### EXERCISE
From the material below, copy out each line with the word "black" in it.

### RECORD EXTRACTS
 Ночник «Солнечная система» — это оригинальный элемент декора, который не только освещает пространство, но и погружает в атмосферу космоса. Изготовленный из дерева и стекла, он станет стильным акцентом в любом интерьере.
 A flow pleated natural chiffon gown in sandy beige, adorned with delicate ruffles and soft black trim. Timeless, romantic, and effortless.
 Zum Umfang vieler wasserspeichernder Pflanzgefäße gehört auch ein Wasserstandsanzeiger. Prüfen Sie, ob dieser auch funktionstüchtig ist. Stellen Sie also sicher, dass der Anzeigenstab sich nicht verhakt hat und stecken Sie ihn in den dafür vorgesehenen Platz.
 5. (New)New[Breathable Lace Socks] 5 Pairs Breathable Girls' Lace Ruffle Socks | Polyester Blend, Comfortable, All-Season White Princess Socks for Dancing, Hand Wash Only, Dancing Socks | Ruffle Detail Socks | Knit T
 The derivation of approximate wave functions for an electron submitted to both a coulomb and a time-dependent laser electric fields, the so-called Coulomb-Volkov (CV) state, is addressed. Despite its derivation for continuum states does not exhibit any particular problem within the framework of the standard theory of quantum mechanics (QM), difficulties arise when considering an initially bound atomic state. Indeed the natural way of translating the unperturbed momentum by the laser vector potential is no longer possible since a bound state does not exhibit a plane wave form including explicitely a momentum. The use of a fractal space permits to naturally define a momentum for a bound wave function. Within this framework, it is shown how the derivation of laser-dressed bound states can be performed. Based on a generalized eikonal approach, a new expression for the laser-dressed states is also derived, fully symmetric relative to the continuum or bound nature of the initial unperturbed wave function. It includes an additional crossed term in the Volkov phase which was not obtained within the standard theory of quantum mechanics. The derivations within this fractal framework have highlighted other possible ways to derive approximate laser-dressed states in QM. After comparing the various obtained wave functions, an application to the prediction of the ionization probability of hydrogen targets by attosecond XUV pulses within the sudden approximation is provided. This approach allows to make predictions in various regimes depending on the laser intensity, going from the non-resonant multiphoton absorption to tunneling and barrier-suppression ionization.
==
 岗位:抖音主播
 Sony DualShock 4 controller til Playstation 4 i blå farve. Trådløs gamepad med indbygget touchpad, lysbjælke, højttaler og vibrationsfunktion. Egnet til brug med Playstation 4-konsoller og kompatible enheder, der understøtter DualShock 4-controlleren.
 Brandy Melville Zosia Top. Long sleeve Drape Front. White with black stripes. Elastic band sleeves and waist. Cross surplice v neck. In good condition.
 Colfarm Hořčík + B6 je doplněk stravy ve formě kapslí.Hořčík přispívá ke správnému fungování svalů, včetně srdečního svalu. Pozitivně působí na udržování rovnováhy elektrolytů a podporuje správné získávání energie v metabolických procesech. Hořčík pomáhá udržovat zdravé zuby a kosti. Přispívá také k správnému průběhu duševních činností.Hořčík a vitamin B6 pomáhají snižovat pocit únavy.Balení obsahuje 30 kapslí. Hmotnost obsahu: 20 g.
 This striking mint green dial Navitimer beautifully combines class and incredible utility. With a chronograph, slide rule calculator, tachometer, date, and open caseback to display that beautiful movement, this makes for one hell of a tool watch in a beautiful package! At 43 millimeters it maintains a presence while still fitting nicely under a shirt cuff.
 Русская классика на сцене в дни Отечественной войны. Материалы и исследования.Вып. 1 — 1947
* * *
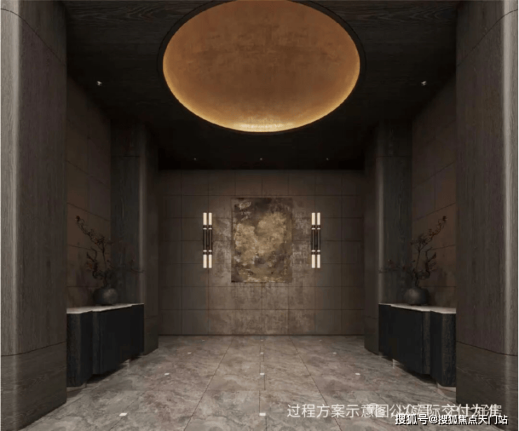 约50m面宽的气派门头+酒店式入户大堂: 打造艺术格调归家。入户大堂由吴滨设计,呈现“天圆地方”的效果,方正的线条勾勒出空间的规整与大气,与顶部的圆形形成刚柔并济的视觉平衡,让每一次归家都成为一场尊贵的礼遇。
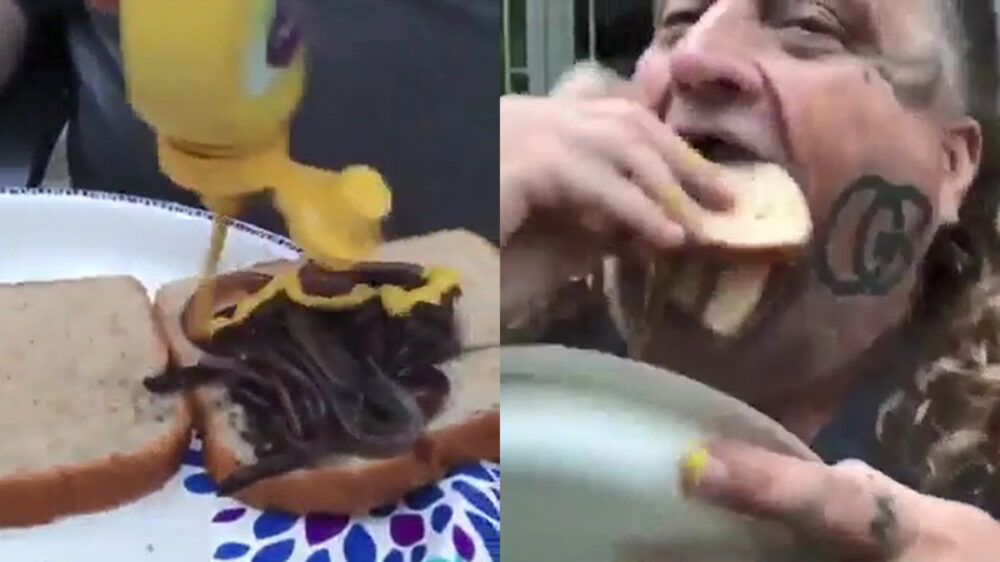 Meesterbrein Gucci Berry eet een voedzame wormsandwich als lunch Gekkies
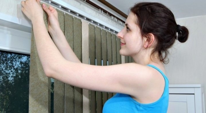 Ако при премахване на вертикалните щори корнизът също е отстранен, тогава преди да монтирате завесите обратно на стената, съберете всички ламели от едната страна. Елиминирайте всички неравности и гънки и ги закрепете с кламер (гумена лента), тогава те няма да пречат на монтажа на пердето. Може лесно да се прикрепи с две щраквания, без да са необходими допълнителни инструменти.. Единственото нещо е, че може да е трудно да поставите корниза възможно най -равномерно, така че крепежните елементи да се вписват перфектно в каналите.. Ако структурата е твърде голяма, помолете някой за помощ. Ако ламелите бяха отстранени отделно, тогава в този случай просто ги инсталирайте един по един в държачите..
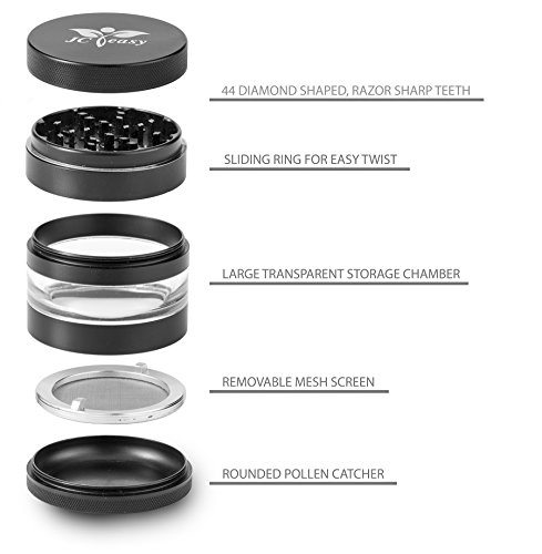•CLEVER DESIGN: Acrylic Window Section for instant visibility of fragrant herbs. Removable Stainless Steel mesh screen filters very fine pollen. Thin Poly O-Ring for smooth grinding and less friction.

### TASK OUTPUT
 A flow pleated natural chiffon gown in sandy beige, adorned with delicate ruffles and soft black trim. Timeless, romantic, and effortless.
 Brandy Melville Zosia Top. Long sleeve Drape Front. White with black stripes. Elastic band sleeves and waist. Cross surplice v neck. In good condition.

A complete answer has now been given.